You looked at the size and determined that it might not be worth bringing on a
small dependency when you can implement it yourself (or rather use
String.prototype.padStart).

It’s not just size alone but size of transitive dependencies.

Both examples you gave don’t have any dependencies (the publish size matches
the install size).

Take a look at some popular dependencies like request or jest and notice the
number of transitive dependencies.

[https://packagephobia.com/result?p=request](https://packagephobia.com/result?p=request)

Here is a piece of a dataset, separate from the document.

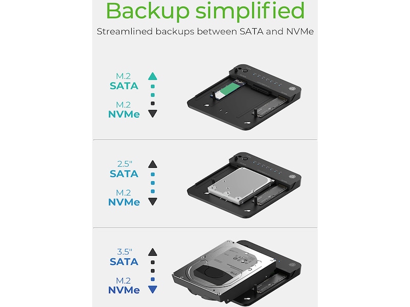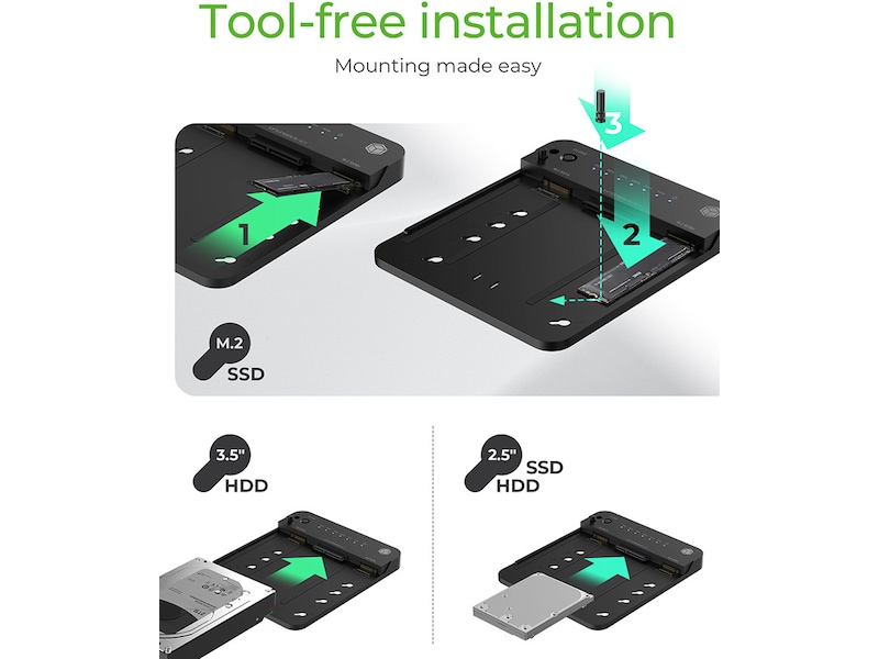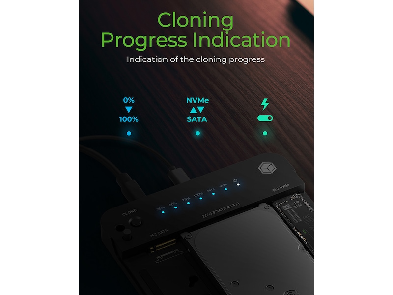 Icy Box CloneStation & Dockingstation för M.2 NVME & SATA 2.5”/3.5” SSD/HDD ENKEL MONTERING: Upplev ett nytt läge för hårddiskinstallation med vår verktygsfria design, som möjliggör snabb och enkel installation av 2,5", 3,5" HDD eller M.2 SSD-enheter. Anslut bara din enhet till den tilldelade kortplatsen och njut av den smidiga kopieringsprocessen. KLONNING UTAN PROGRAMVARA: Att säkerhetskopiera data har aldrig varit enklare: Med vår mjukvarufria kloningsteknik har processen för att skapa en säker kopia av dina data förenklats och effektiviserats. Erbjuder en mer effektiv lösning. ANSLUTNING MED TOPPHASTIGHET: Med kraften från USB 3.2 Gen 2 och den inklusive USB Type-C och Type-A-kabeln, upplev dataöverföring som inte bara är snabb utan även imponerande effektiv, med hastigheter på upp till 10 Gbit/s. PRECIS KLONNING: Dra nytta av exakt duplicering. Varje bit replikeras från källenheten till destinationen som en felfri kopia av alla data och konfigurationer av den ursprungliga enheten. Processen att duplicera data från en hållbar hårddisk till en snabb SSD, eller vice versa, kunde inte vara bekvämare. TVÅRIKTNINGSKLONNING: Klona från 2,5"/3,5" SATA HDD/SSD till M.2 PCIe NVMe SSD eller gör tvärtom, allt med en knapptryckning. Tillåter en enkel datasäkerhetskopiering eller systemaccelerationsprocess, som tillgodoser dina specifika behov. Helt enkelt klona allt SATA till PCIe NVMe eller PCIe NVMe till SATA, 2,5"/3,5" hårddiskar till M.2 eller tvärtom eller M.2 till M.2: här går precis vad som helst med allt, och otroligt enkelt! Datamedierna installeras och klonas helt utan verktyg. Kloningsriktningen väljs helt enkelt med en skjutreglage. Enkel kloning Bit för bit och byte för byte utan komplicerad programvara. Databärarna sätts helt enkelt in i respektive slot och klonas med en knapptryckning. Oavsett om det är från M.2/2.5"/3.5" SATA till M.2 NVMe eller vice versa. Dubbelriktad och tvärteknologisk kloning är nu väldigt enkelt. Flexibel anslutning Kan även användas som extern lagring i DockingStation-läge. Med den medföljande USB 3.2 Gen 2-kombinationskabeln, som är utrustad med en USB Type-C® och standard Type-A-anslutningen, kan lämplig värdanslutning alltid väljas. Datan rasar genom linjen med upp till 10 Gbit/s. Visa mer Visa mindre

[https://packagephobia.com/result?p=jest](https://packagephobia.com/result?p=jest)

------
cel1ne
I wonder if you could write a program that scans javascript-dependencies for
function-usage that could be replaced by suites like lodash, to find and
replace "leftpad-style dependencies".

------
KyleBerezin
Would you trust the stability of the dependency more if it was maintained by a
large company, say, Oracle?

------
dimitrios1
This is describing cURL, isn't it?

------
dependenttypes
ImageMagick is the ffmpeg of images.

------
skapadia
All I think of is Angry Birds when I see that picture...

------
gramakri
ffmpeg comes to mind

------
commonturtle
Very well put. I suspect this is one of those xkcd's that will become a
timeless classic, just like the one on standards:
[https://xkcd.com/927/](https://xkcd.com/927/).